Below is a review of the posts (on Facebook, LinkedIn, and Twitter) from the past week. You can check out the full posts by clicking on the links.
In the post on Sunday 10/6/19 we learned why retaliation claims are easier to prove in court than discrimination claims: the FedEx case. Yes, there is a difference between the underlying discrimination case and one based on retaliation. A federal court recently analyzed that difference. Shirley worked for FedEx for about 8 years before she was fired. Prior to discharge, she had taken the actions noted in the post. Post-discharge, she sued for retaliation based on those actions. She won at trial – the verdict is noted in the post. Of course, FedEx appealed. The basis for its appeal is in the post. The court explained why FedEx was in error, noting the difference between discrimination and retaliations claims – see the post.
TAKEAWAY: It is easier to prove retaliation than the underlying discrimination – keep that in mind when taking adverse action against employees.
The post on Monday 10/7/19 asked what can the EEOC get (for the employee) upon a finding of discrimination? The goal of the law is to make the person whole, as if the discrimination had not occurred. The remedy might include both monetary and non-monetary relief. Some types of releif inlude placement into a position (the one for which the person was not selected or a substantially similar one), including retroactive seniority, as noted in the post, what happens to the person who was selected for the position? See the post. Other remedies include monetary compensation and compensatory damages as outlined in the post.
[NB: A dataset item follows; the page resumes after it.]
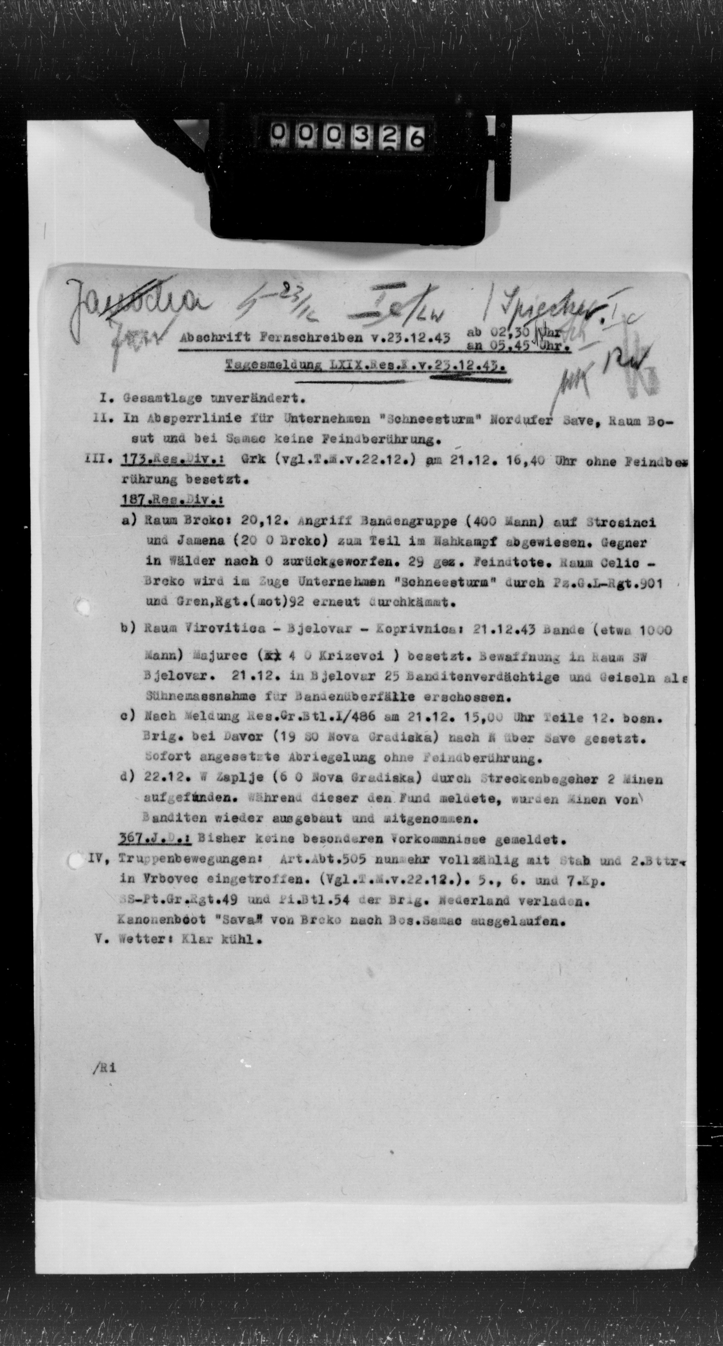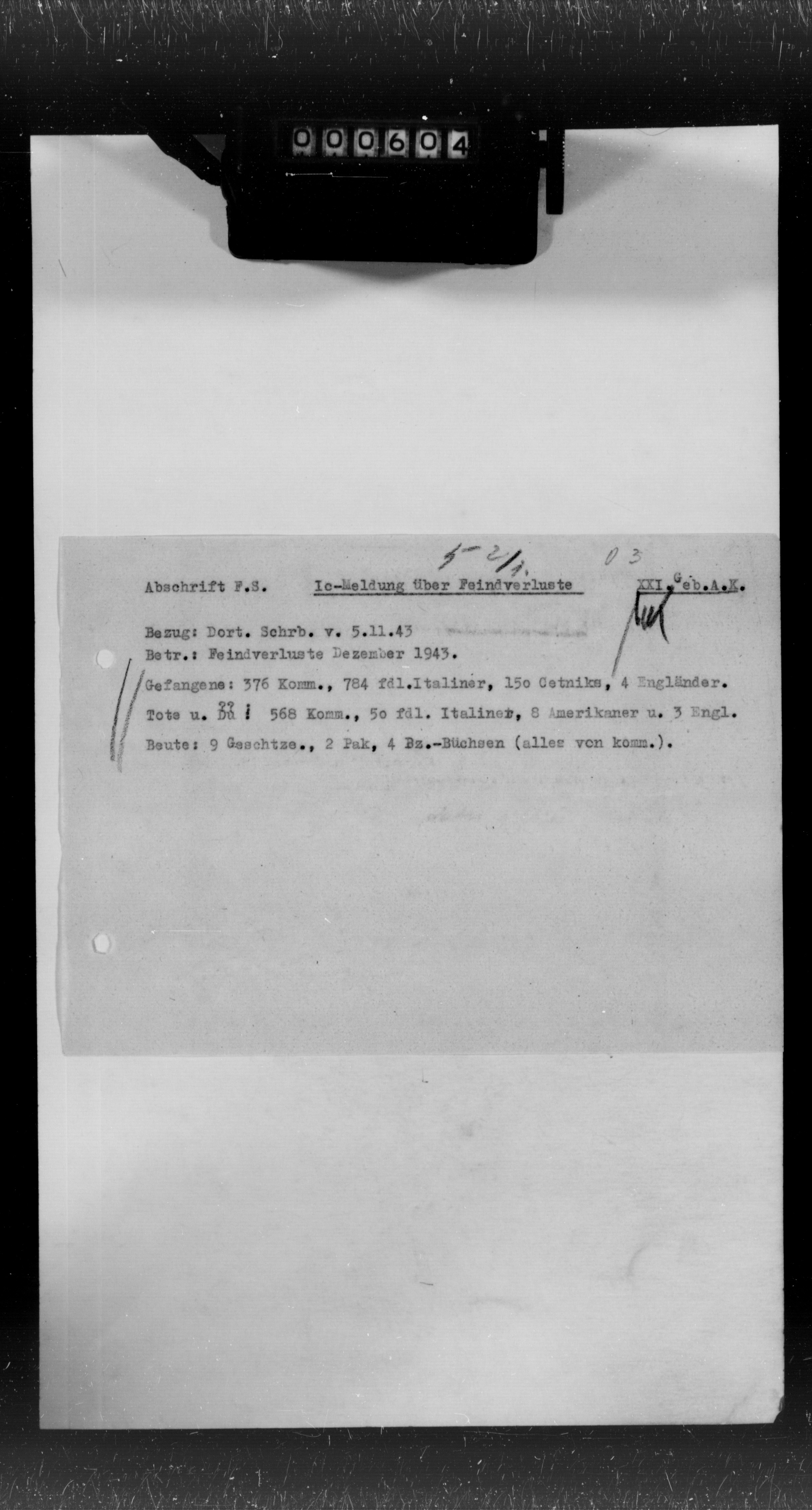 Pz AOK 2 43407/54, Ic, Anlagenband 12 zum Tätigkeitsbericht - Radio messages and daily reports relating to combat situation, enemy activities and partisan warfare, December 21, 1943 - December 31, 1943
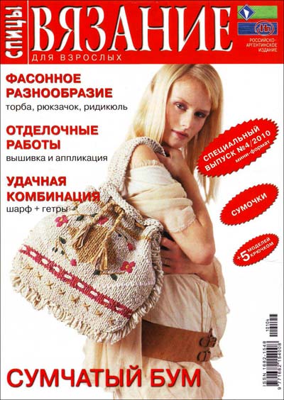 Ежемесячный журнал по вязанию спицами. В номере представлены разнообразные модели вязаных сумок. Изделия проиллюстрированы фотографиями, подробными описаниями по выполнению работы, точными выкройками и схемами узоров.

The relief might also inlude expungement of adverse materials from the person’s file/record and more as noted in the post.
TAKEAWAY: Before you discriminate against someone, now what the penalty may be when you are found out – talk to an employment lawyer to know your rights.
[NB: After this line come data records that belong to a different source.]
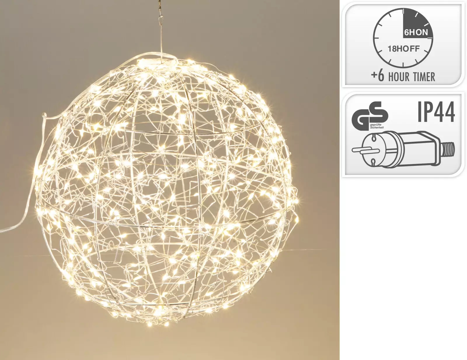 Avainsanat: LED-valopallo, Lumo, hopea, 35 cm, tunnelmavalo, lämmin valkoinen, ajastintoiminto, IP44, sisä- ja ulkokäyttö, puutarhavalaisin
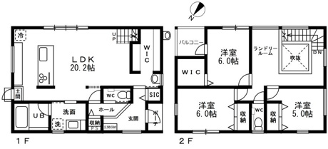 3LDK 1F/LDK 20.2帖 1室 2F/洋室 6.0帖 2室 2F/洋室 5.0帖 1室 |
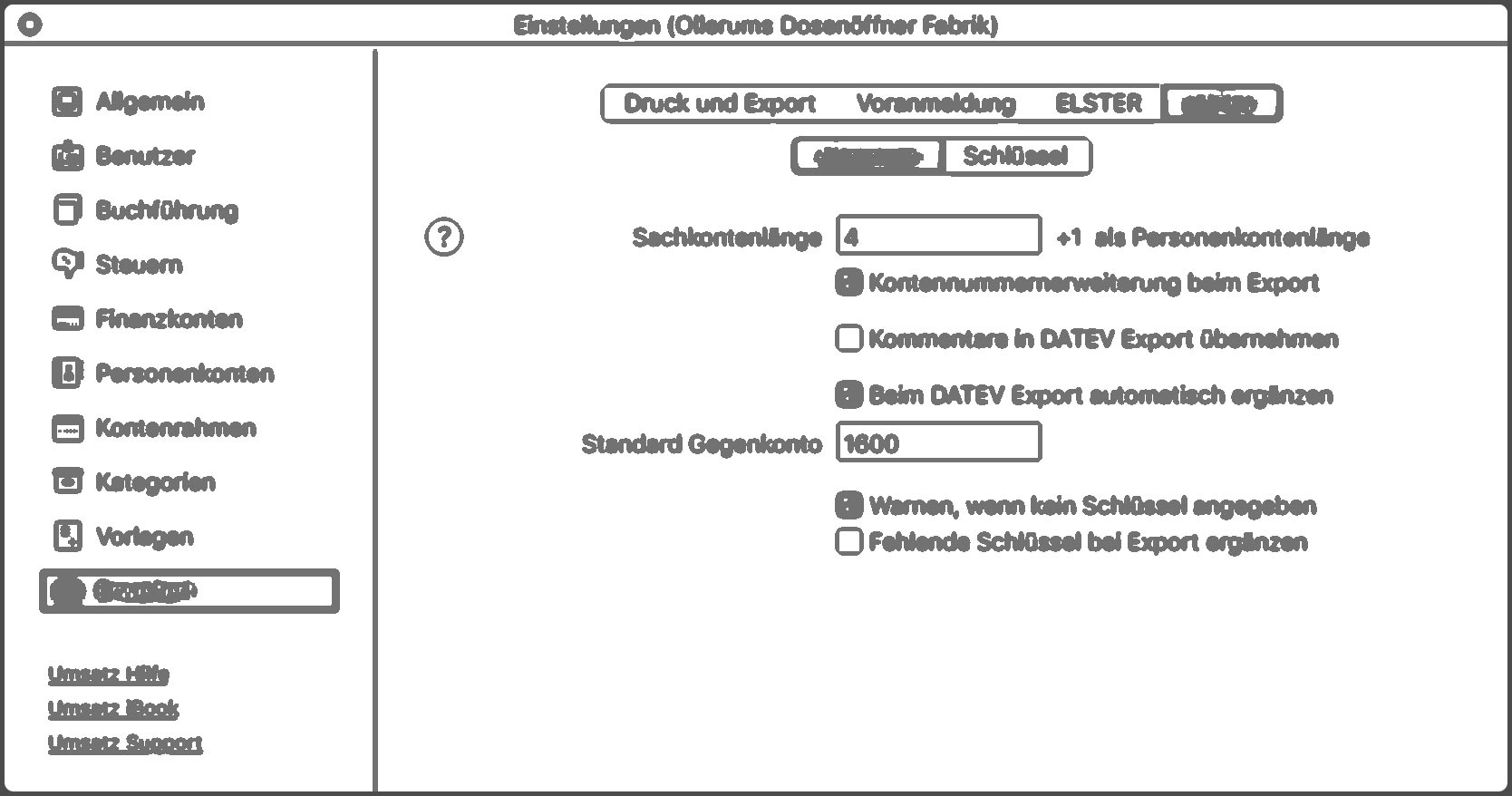 Und davon ausgehend kann Umsatz auch einen DATEV Export hinbekommen, selbst wenn nur auf ein Konto gebucht wurde, denn dann kann das fehlende Finanzkonto beim DATEV Export aufgefüllt werden.

The post on Tuesday 10/8/19 asked: Can a delinquent owner run for an Association board postiion? Facts similar to those in the post occur each year in local Associations. So, the question becomes whether a delinquent owner is eligible to run for a Board slot. In the post, the answer was no based on a state statute. In Pennsylvania, there is no state statute, so the answer will depend on the Association’s Governing Doucments.
TAKEAWAY: Community associations are governed not only by applicable state law, but also their own documents; both must be reviewed for answers to questions. Consult a community association lawyer to be sure.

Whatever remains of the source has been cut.